Rosa laughed, and Danielle's sigh was audible from across the open plan flat, but Herman's mouth was a perfect O.
"I apologize for Roger," Danielle said. "He's a Philistine."
"But he's nearly right," Herman exclaimed. "The question of how much thinking our computers do for us is a real problem in philosophy and psychology, not just math."
"It is?" Roger asked.
"Of course. I don't mean science-fiction rubbish about robots taking over the world, but I mean the question of how much we can trust a computer."
"Go on," Roger pressed him.
"Well, you admit that computers are cleverer than us?"
"I sure do. They're better at math, for example. They can calculate faster and more accurately than a man and are probably more logical."
"Precisely," Herman nodded vigorously. "They're less prone to some human fallacies, though computers may have illogical processes we don't know about. Hence the problem: How can we tell when a computer is right if we can't do the calculations ourselves?"
"I suppose we can ask another computer."
"That's one way, but two computers might agree and still be wrong, like false witnesses who corroborate each other's stories."
"All right then," Roger suggested, "we can test the calculation against the evidence."
"That's a second way, empirical testing. It works in science, where there are physical facts to check, but it doesn't work in pure mathematics or symbolic logic; and what about the physics of places we can't get to, such as the middle of black holes or quasars?"
"Then we can check the programs. If the program is sound, then the result must be reliable."
"Very good," Herman said, sounding like a teacher pleased by a star pupil. This made Danielle smile as she brought the drinks over.
"But what if the program is so large or complex that no one can analyze it?" the earnest young mathematician continued. "Most computer programs are now written by computers, designed by computers, and built by robots."
"Can we write a program to analyze the program?" Roger ventured.
"Yes, that's a good answer; it's the iterative method, but a program to analyze a program can still be too complex for human abilities. We call a program an 'algorithm,' and each iteration we call a 'generation.' Rosa and I are studying algorithms of the fifth generation."
Roger surreptitiously counted the sequence off on his fingers as Herman elaborated:
"We write programs to analyze programs, to analyze programs, to analyze programs, to analyze programs, to analyze programs, to analyze programs, to analyze programs that do the calculations."
"It's where I got the idea for my iterative method of steering the traveler through hyperspace," Rosa said.
"It's a brilliant idea, Rosa," Danielle added, "and now that Roger has been put in his place, let's work on it."
Herman was mortified.
"I'm sorry, Roger. I didn't mean to lecture you. I got carried away. I'm new to programmable math at this level and only realize what we can do with it."
Roger assured him, "No apology is necessary. I love to see people who are passionate about ideas."
Nonetheless, she thought the earnest young man could benefit from a sense-of-humor algorithm.
Roger had work to do, so he took his coffee to the other side of the flat. He sat at a table with a reading screen, a few hefty old-fashioned books, and a tablet for his notes. He finished the brief outline for the sequel to his video film and sent it off. Then, he began to think about his latest research.
He was soon happily distracted by historical details, listening in on the Putney Debates or watching Cato's Letters seed and germinate in the American colonies.
Danielle, meanwhile, began analyzing Rosa's method. She showed her attempt to solve its problems and then introduced Li's method.

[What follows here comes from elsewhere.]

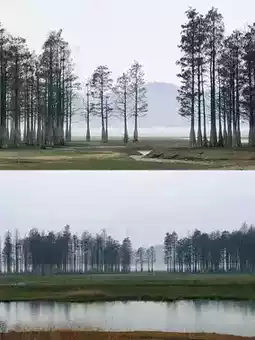 Two ultra-niche spots with incredible atmosphere. Two days of rain left the already vague routes shrouded in mist. After some exploration, we found Daxi Reservoir—a literal ink-wash painting. The dried-up water revealed redwood roots rarely seen in summer. More like wetlands than a reservoir, the soft ground and foggy backdrop made it feel like wandering through a painting.

Distracted by physics, she forgot why she'd invited Rosa over, and the two women almost forgot Herman was there.
Although more than competent in following the math, Herman was unfamiliar with physics. At first, he had nothing to contribute, but Danielle showed Rosa the holographic images of the Samothean solar system. However, he was alert when they wrote equations on the large projection screen and followed them well.

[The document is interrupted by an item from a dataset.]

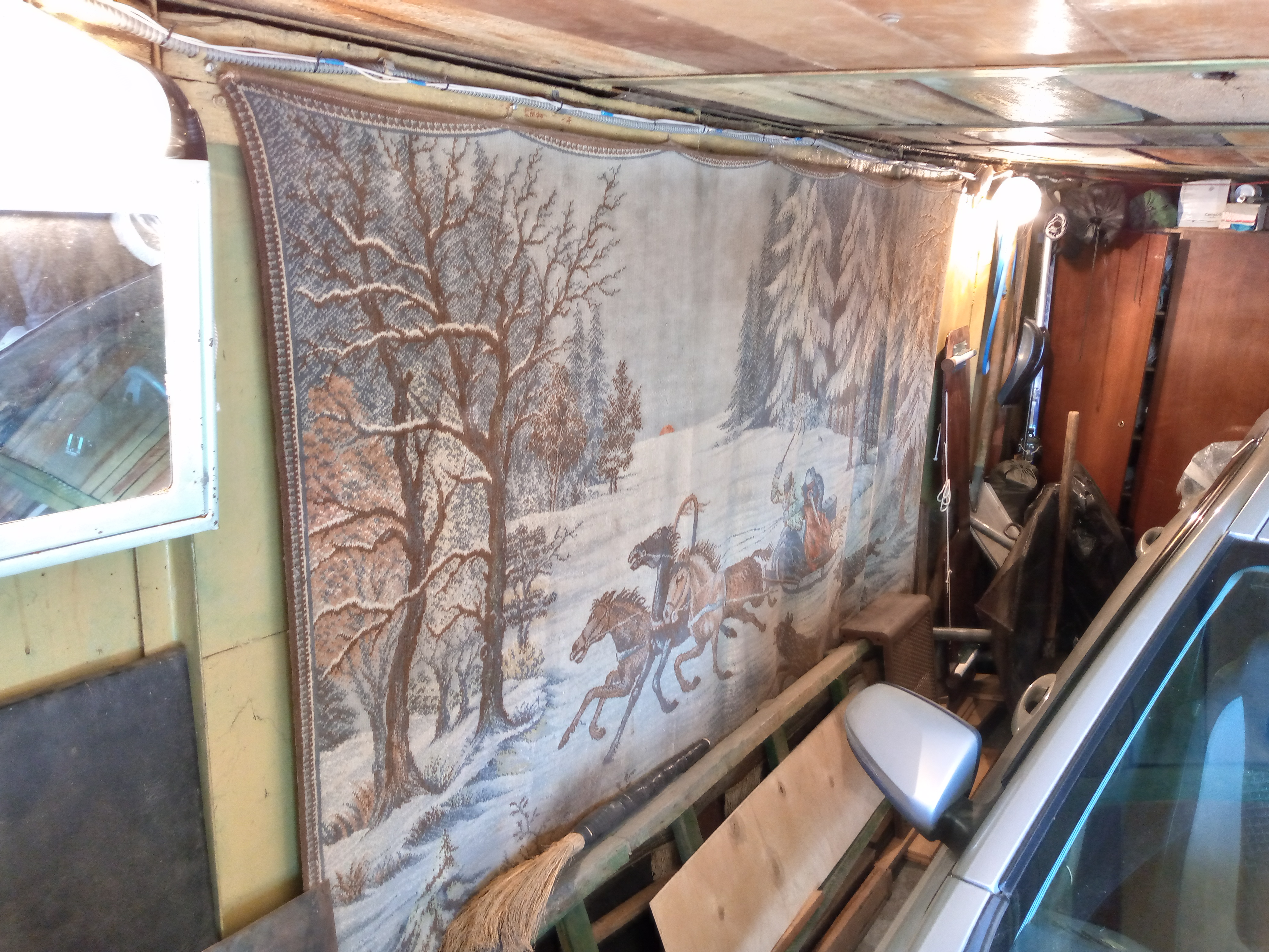 Просили ковёр- пожалуйста! Правда, он немного завален хламом (надо таки тоже порядок навести) и машина мешала... Ну, как-то так:

Things stopped for fifteen minutes when Roger got up to call his parents. He did so from Danielle's bedroom, inviting her to join him. They shared effusive congratulations but were soon back to their respective studies.
An hour later, Rosa said:
"I think we've reached an impasse. I can't see past the time-lag problem."
"Nor me," Danielle admitted.
"Herman, what do you think?" Rosa asked.
"I can follow the math but not the underlying physics. Can you explain some things to me?"
"Of course. How rude of me to exclude you!" Danielle exclaimed. "We'll give you the short version of hyperspace engineering. I've done this for Roger many times, poor lamb. He makes a good sounding board."
"The general principles are not too difficult, but if you don't understand, say so, and I'll explain. If you need postgraduate physics to understand something, I'll say 'relativity theory' or 'quantum theory,' and you'll have to accept it. Shall we start?"
He nodded. Roger also put down his book and paid attention. There was a point in even the schoolboy version of hyperspace physics beyond which he could never progress but always hoped to.
"The standard way of explaining hyperspace is to picture a balloon," Danielle said, commanding the computer to project a holographic image of a child's rubber balloon over the coffee table. With a finger in the air, she drew an X on one side of the balloon and a Y on the other.
"Now, the three-dimensional space of our universe is represented by the two-dimensional surface of a balloon."
"I see," Herman said.
"That's the first place I get lost," Roger said from across the room.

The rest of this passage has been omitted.